Thursday, 23 August 2007

one moment in time

In the crazyness of the path I've plotted for myself, with all thats going on, I find little time to attend to the other, more equally important things that are as equally important to me. Strangely enough, this other thing is tied to the core of who and what I am. But for now, there are other things that are more immediate and can not wait - that I must attend to. As hard as it is for me not to have a balance, it's something I have to cope with until it's the right time for me to turn to this other thing I've pushed back.

As exhausted as I am, both physically and mentally at the end of each day, still my thoughts turn inwards to that which I'm setting aside and there are times that it keeps me up - a lingering pestering presence in my consciousness, creeping in my soul, as I try to drift into an exhausted sleep. As frustrating as this is, it'll have to wait.

I don't know if this blog thing will appease it, hopefully it will, because the sleepless nights are starting to wear me down.
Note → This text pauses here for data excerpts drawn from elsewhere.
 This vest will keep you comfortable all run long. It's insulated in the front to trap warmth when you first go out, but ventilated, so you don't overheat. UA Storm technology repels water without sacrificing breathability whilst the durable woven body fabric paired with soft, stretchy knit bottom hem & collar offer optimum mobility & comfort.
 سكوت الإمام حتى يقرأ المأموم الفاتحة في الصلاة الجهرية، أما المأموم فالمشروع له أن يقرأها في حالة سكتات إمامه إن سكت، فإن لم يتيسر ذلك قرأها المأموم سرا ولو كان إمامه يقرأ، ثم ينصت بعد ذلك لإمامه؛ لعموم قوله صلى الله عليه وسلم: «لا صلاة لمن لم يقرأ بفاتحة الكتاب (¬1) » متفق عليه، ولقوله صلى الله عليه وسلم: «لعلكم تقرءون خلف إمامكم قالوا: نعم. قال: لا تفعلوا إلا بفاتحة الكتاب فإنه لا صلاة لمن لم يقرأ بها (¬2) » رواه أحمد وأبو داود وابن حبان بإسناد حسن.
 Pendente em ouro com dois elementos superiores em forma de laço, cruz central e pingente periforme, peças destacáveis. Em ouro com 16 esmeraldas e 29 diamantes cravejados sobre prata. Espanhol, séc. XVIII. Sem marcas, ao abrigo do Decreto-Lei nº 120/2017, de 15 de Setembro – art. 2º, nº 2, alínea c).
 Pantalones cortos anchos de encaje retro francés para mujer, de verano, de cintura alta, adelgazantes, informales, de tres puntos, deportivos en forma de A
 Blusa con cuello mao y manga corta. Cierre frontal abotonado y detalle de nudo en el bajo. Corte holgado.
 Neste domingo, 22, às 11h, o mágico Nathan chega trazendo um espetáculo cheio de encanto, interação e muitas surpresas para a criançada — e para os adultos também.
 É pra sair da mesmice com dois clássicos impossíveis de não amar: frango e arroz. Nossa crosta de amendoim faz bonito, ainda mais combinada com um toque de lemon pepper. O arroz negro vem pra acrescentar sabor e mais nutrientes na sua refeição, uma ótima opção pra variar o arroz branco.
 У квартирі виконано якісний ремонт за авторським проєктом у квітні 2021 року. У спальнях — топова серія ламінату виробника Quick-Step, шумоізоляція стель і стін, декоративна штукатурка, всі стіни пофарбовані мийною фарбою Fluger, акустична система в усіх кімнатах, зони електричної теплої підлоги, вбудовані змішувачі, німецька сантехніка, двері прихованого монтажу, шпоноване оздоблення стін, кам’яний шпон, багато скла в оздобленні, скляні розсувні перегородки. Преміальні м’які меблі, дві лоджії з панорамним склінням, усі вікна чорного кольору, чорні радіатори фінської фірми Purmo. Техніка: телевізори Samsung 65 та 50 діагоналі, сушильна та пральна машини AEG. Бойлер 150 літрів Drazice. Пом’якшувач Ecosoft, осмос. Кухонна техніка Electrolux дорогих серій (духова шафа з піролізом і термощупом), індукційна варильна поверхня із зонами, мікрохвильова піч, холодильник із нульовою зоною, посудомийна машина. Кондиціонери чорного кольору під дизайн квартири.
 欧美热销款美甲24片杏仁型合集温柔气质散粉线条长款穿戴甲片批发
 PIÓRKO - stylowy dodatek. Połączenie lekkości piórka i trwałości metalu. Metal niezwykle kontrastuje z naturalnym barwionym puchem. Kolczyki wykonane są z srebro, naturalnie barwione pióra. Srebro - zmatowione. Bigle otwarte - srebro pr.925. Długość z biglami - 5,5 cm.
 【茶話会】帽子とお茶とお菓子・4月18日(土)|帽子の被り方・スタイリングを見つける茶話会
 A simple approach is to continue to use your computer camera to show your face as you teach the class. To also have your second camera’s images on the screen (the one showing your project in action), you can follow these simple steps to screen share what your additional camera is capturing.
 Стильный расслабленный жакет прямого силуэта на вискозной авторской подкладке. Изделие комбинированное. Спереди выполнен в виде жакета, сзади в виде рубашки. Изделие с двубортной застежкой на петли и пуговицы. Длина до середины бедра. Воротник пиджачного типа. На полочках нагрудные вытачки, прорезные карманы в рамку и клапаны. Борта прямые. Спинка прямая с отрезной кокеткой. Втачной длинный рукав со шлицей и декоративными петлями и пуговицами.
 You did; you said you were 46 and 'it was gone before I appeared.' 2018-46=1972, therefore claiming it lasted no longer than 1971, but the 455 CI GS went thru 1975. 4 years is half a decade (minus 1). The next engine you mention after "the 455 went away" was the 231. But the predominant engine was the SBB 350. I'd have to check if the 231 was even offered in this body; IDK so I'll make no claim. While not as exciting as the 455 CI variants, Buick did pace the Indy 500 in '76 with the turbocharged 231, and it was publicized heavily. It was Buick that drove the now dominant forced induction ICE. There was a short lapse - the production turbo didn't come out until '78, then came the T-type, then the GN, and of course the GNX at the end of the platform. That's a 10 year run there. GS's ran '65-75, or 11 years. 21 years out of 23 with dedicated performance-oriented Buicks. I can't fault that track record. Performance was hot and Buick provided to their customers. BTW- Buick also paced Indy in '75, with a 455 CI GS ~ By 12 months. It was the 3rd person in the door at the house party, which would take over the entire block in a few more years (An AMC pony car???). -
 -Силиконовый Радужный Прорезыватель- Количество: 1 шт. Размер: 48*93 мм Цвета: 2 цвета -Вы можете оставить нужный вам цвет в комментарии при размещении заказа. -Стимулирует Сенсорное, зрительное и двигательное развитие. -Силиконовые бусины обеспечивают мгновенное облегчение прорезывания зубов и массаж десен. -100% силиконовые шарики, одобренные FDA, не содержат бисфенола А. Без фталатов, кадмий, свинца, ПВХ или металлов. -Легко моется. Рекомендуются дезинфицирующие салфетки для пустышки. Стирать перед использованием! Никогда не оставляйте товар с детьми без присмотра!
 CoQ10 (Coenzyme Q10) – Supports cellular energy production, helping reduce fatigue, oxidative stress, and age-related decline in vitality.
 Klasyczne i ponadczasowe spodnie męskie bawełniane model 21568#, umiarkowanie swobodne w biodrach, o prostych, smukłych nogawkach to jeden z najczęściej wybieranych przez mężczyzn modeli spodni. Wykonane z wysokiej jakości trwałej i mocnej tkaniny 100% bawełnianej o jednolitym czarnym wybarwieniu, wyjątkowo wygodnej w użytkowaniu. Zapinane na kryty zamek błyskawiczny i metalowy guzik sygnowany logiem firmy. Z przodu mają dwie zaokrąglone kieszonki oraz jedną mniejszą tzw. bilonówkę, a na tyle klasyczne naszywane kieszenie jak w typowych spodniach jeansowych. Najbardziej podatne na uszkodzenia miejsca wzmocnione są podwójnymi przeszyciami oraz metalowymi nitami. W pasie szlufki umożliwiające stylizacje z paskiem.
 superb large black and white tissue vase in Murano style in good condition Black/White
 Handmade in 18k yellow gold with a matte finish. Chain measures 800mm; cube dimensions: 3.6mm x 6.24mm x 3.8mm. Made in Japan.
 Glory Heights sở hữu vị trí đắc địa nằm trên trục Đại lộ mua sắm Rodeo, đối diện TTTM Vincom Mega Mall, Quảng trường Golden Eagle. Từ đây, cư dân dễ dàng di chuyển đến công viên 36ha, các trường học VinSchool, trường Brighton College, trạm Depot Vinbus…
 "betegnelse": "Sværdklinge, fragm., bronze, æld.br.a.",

I've also started to write stuff. I don't really know what to call it. I don't really see my writing as a poem or anything of that sort. That stuff just seems to flow out from inside of me. Irritating at times because the need to write overcomes me and all thought and concentration on an essay I'm trying to write, a journal article I'm trying to read, an assignment I'm trying to finish is pushed back and put on hold. And I find myself writing, semi conscious of the content that I'm writing. Unsure and at times scared at the depth of emotions that I feel as I read what I've written. For what it's worth, I'm sure it'll help me figure things out, when I come back to this place. When I've taken care of the things that I need to take care of that were immediate.

For now, I continue on this path. Crammed to the core with things to keep me busy in the hopes that I'm too busy to be thinking about how lonely I am at times. Hoping against hope, that some of the things I've substituted, will give me some semblance of the "balance" that I know I need, but for now must wait.